Quelque chose prit feu dans la poitrine de l'enseignante. Depuis la première fois que leur regard s'étaient croisés, Oscar et elle avaient incarné à la perfection les rôles d'amis aux conversations houleuses et pleines de désaccords. Au début de leur collaboration, chaque entrevue avait pris des allures de négociation acharnée à peine entrecoupées de quelques rares moments d'accalmie aux airs de simples haltes par manque d'argument. Elle avait maudit sa hargne a peu près autant qu'elle ne l'avait admirée, tout en disant à qui voulait l'entendre qu'il était le personnage le plus têtu qu'il lui ait été donné de rencontrer, non sans s'être délectée en silence d'avoir quelqu'un sur qui affuter ses meilleures réparties. Mais leurs vives altercations concernaient alors la photographie, le choix de la pièce maîtresse d'un vernissage ou bien le refus catégorique de l'un de céder du terrain à l'autre concernant une direction artistique.
Jusqu'à ces derniers mois.
A présent, leurs disputes glissaient vers des pentes plus personnelles et les longs argumentaires professionnelles se voyaient remplacés par des critiques bien plus intimes contre lesquelles Aveleen doutait d'être finalement suffisamment bien taillée pour en supporter le choc. Elle avait toujours cru que leurs désaccords étaient des sortes d'hyperboles : une relation vue et revue d'un artiste et de son mécène sempiternellement en train de se crêper le chignon mais finissant inlassablement par tomber d'accord. Mais à présent qu'il s'agissait de débattre de ce quelque chose qui ne concernant plus une galerie d'art ou la possibilité d'un gros financement, Aveleen découvrait que leurs orgueils respectifs peinaient à trouver une porte de sortie, comme si chacun d'eux campait sur ses positions avec la rigidité d'un général sur un champ de bataille. Ils creusaient les tranchées respectives de leurs blessures, listaient les raisons pour lesquelles l'autre avait plus tord que l'un et il s'en fallait de peu qu'ils ne commencent à se répartir les territoires de la piste de danse, n'établissement un no-man's land et ne tentent des percées dans le camps adverse.

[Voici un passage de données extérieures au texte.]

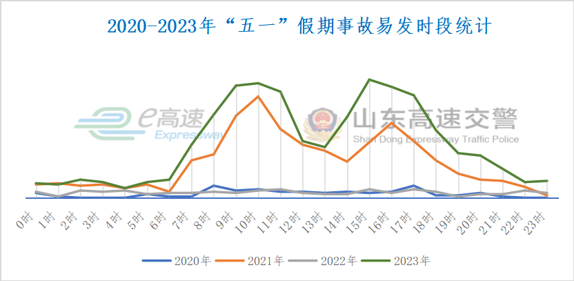 据2020年-2023年“五一”假期事故发生时段统计,上午9至11时,下午15时至16时、17时至18时、晚间19时至20时车流量增加,容易出现刮擦等事故。
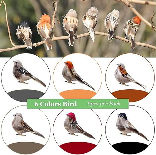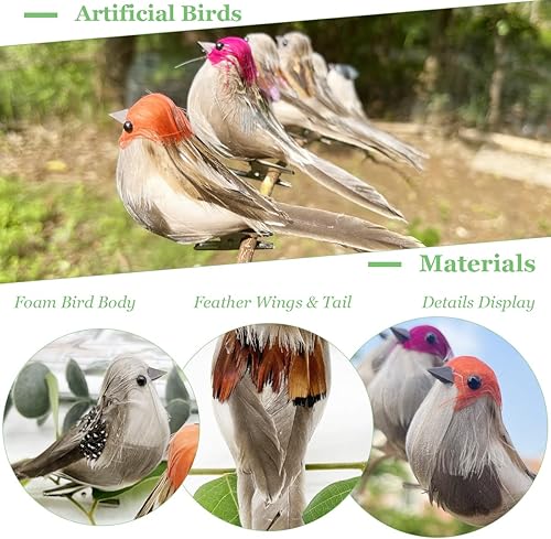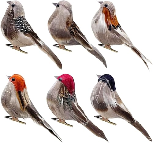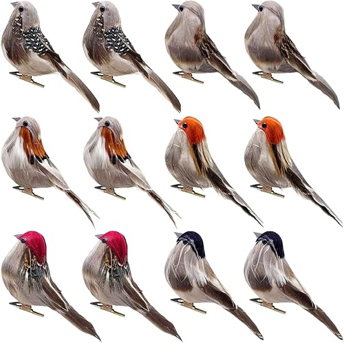 LWINGFLYER Lot de 12 Oiseaux Artificiels à Clipser en Forme de Moineau Réaliste en Mousse de 10,2 CM pour Travaux Manuels Décoration de Sapin de Noël Affichage Saisonnier
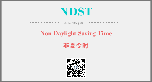 英文缩略词“NDST”经常作为“Non Daylight Saving Time”的英文缩写来使用,中文表示:“非夏令时”。本文将详细介绍英文缩写词NDST所代表英文单词,其对应的中文拼音、详细解释以及在英语中的流行度。此外,还有关于缩略词NDST的分类、应用领域及相关应用示例等。
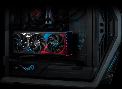 Das ROG Hyperion GR701 verfügt über einen hochentwickelten integrierten Grafikkartenhalter, dessen leichte, eloxierte Aluminiumkomponenten vertikal oder horizontal verwendet werden können, um lange Grafikkarten vor dem Durchhängen zu bewahren, und es bietet zusätzliche Kompatibilität mit dem ROG Herculx-Kartenhalter.
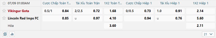 Tip kèo Châu Á full trận Vikingur Gota vs Lincoln Red Imps
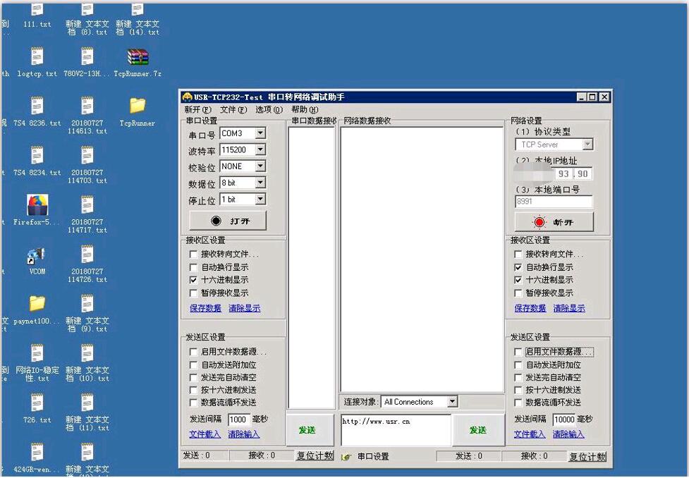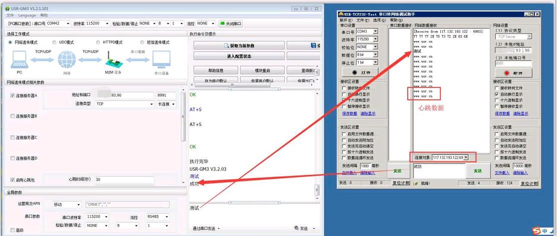 3. 在服务器端,可以看到已经有连接对象了,串口和服务器端能正常收发数据,当串口长时间不发送数据的时候,DTU会主动发送心跳包给服务器(该功能可以取消,具体参考730的软件设计手册)。
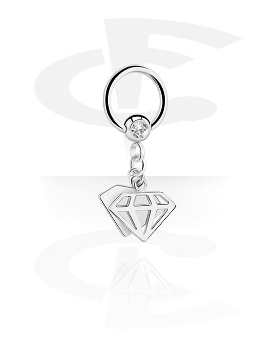 Krúžok s guľôčkou (chirurgická oceľ, strieborná, lesklý povrch) s Kryštálový kameň a Prívesok diamant

Ce fut Oscar qui lança le premier assaut. Elle pouvait sentir sa haute silhouette envahir son espace personnel, comme si les frontières n'étaient pas suffisamment floues entre leurs désaccords pour venir ne les brouiller encore plus. D'une certaine façon, Aveleen avait presque envie de rire jaune : parce qu'en s'approchant ainsi d'elle comme un lion rodant auprès de sa proie, sa voix veloutée cherchant le creux de son oreille pour venir y murmurer tout le miel perfide de ses vexations, il ressemblait à s'y méprendre à celui qu'il haïssait pourtant. Même façon insupportable de sourire en coin tout en débitant des accusations, même tendance tout aussi insupportable à juger qu'il vaut mieux distiller son venin comme un serpent charmeur, même manie insupportable là encore de chercher son regard pour y ficher le sien avec suffisance. Sa respiration léchait le creux de son cou. Alors, elle retînt la sienne.
— Mais qu’en est-il de l’idiot qui, prêt à se confier, s’est retrouvé d’une seconde à l’autre seul au milieu d’étudiants ? énumérait-il toujours.

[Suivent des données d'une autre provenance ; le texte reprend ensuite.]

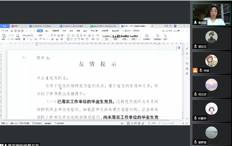 随后,太阳成集团tyc9728党委组织员蒋英燕对毕业生党员组织关系转移工作的有关要求进行了介绍。她带领毕业生党员认真学习了组织关系转接工作文件的重要细节,特别强调毕业生党员组织关系在无特殊情况下均须及时转出。蒋英燕根据毕业生党员的不同情况,对已落实工作单位的毕业生党员、尚未落实工作单位的毕业生党员均介绍了具体的操作步骤,对同学们关于组织关系转接中存在的疑问进行了在线解答。

Aveleen gardait ses lèvres closes, malmenant la peau fine de ses lèvres sous l'émail de ses dents, son regard fixant obstinément Isabelle, comme un point d'ancrage pour ne pas sombrer.
— Qu’en-est-il de la douche que cet idiot s’est pris ?

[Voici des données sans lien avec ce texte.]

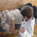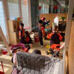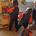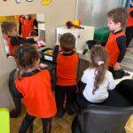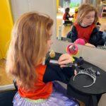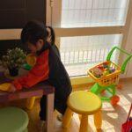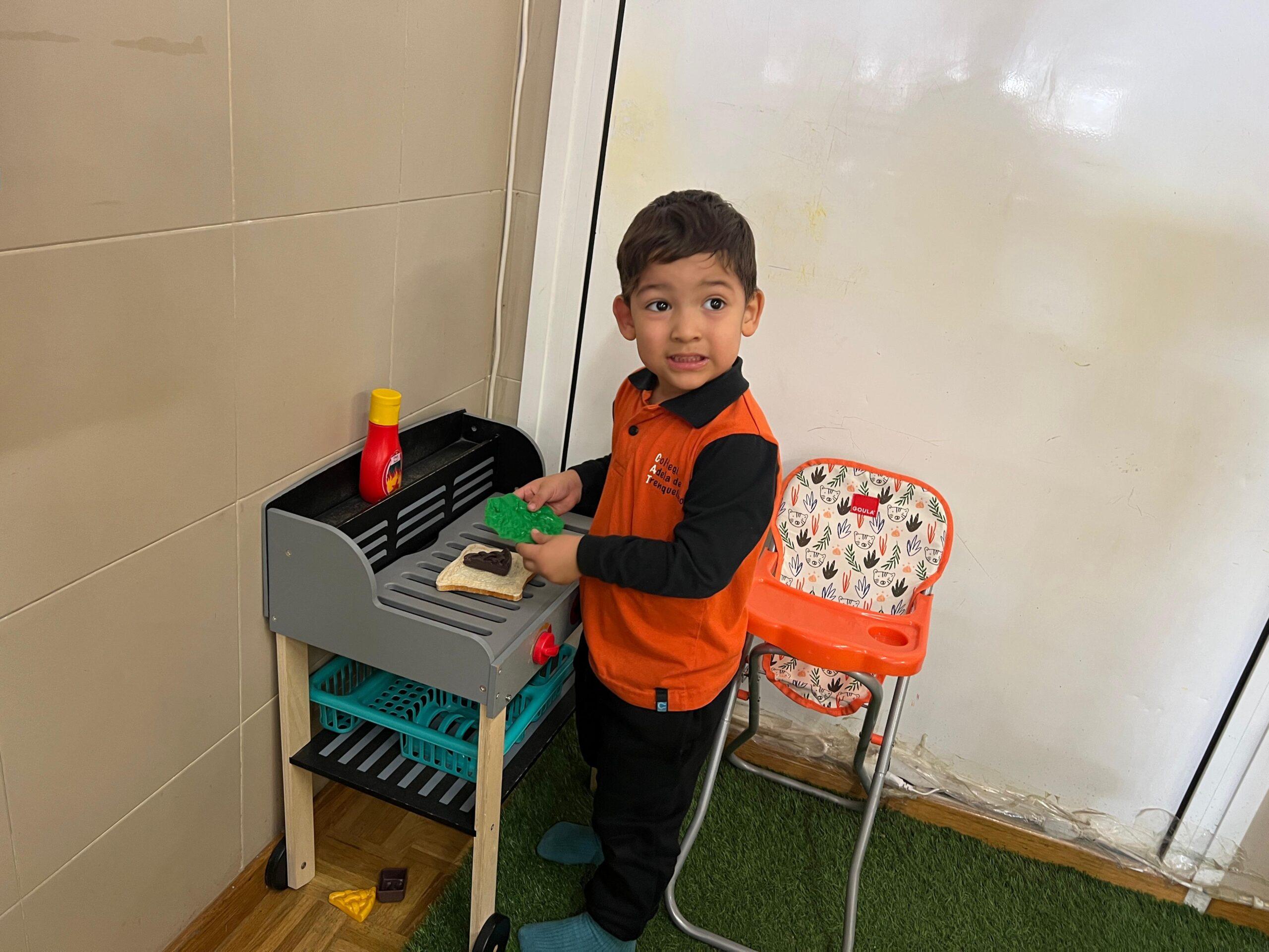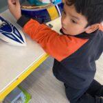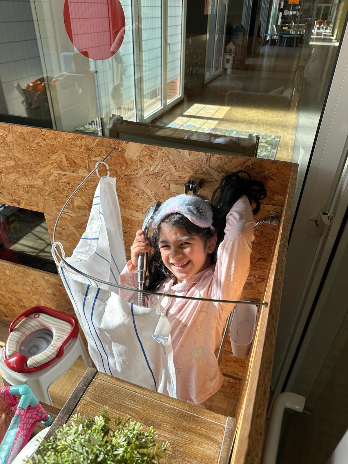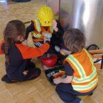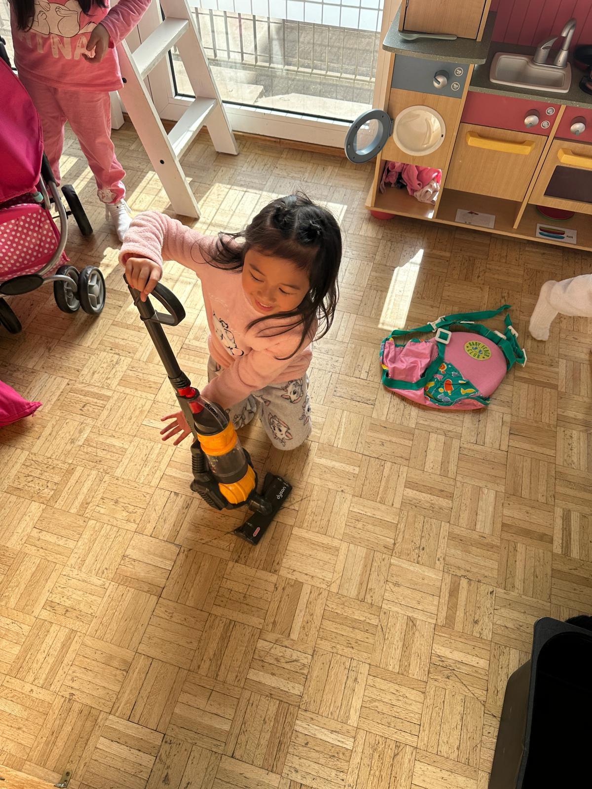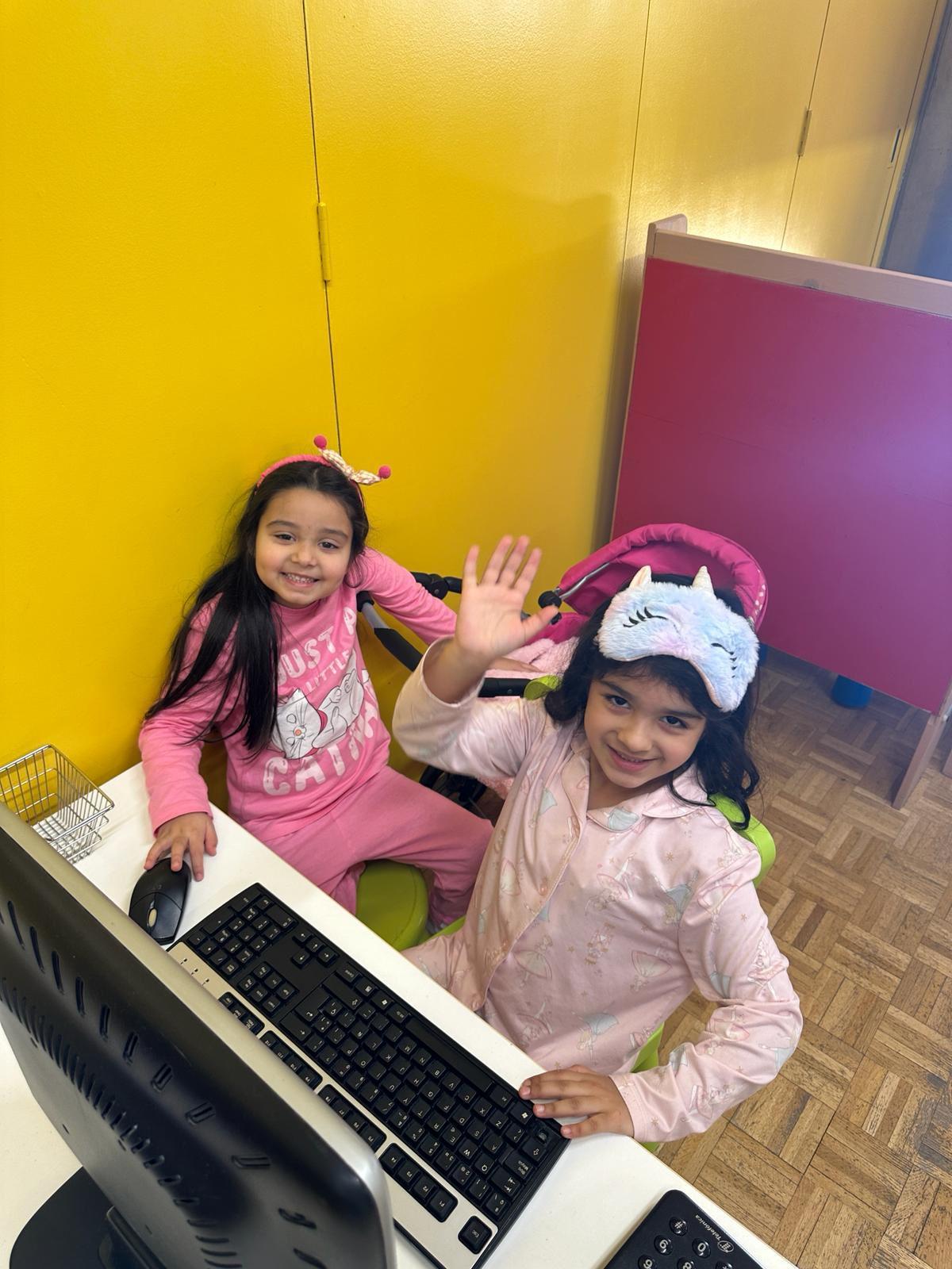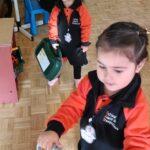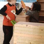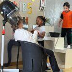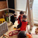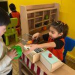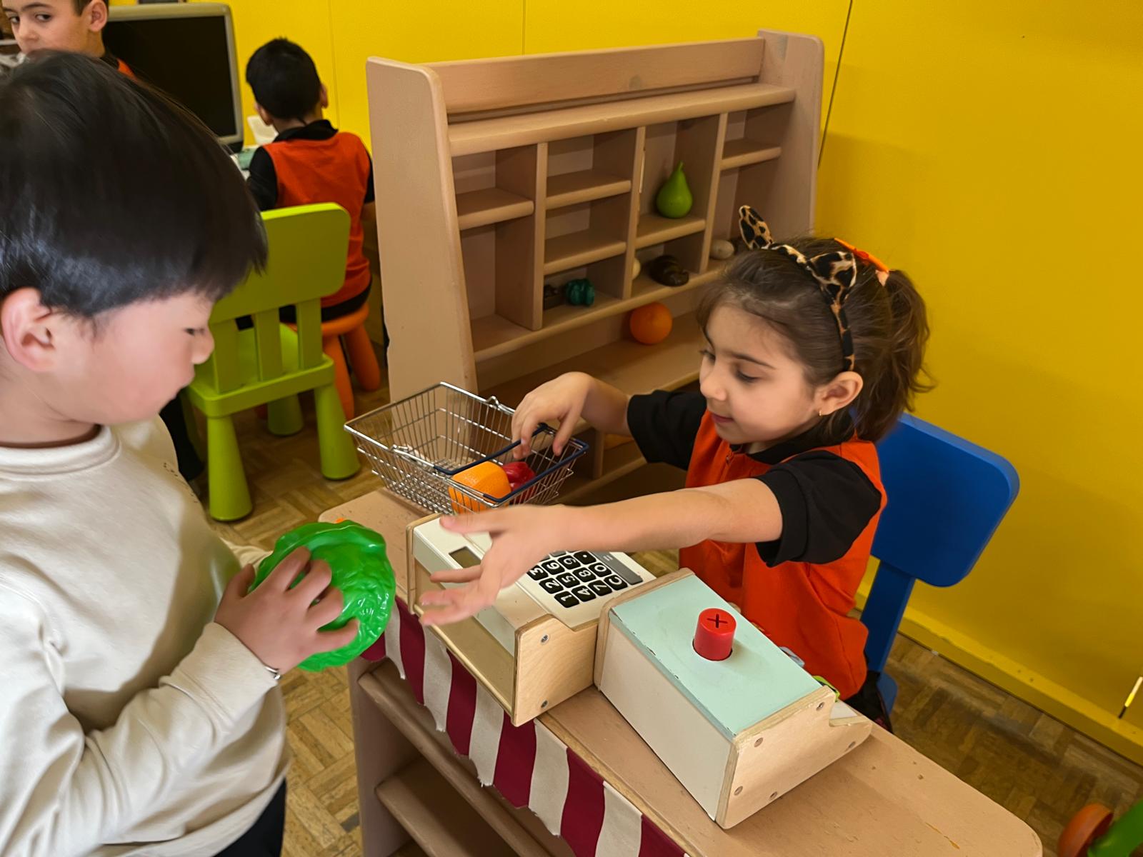 Allà van trobar-hi propostes molt variades. Van poder endinsar-se en el joc simbòlic amb la botigueta, la cuineta, la perruqueria i l’espai de metges. També van jugar a fer veure que treballaven en una oficina amb ordinadors i telèfons. Amb l’ajuda de les disfresses van acabar de donar vida a totes aquestes històries.

Il était comme un avis d'orage : il valait mieux rester sagement cloitrée le temps qu'il ne se calme. Peu importait que les volets ne tremblent, que les tuiles ne menacent de partir en même temps que la charpente, que l'eau ne s'infiltre sous les portes.
— De ta baguette ? continua-t-il en lui saisissant le bras.
Il lui imposa un volte face, mais la violence n'était pas moins dans le geste, au demeurant bien doux, que dans son regard moucheté de cercles dorés qui ne promettaient qu'un peu plus de colère se surajoutant à encore et toujours de la colère. Il la regardait comme un juge prêt à déclarer la sentence et, malgré-elle, Aveleen se surprit à la deviner avant même qu'il ne la prononce.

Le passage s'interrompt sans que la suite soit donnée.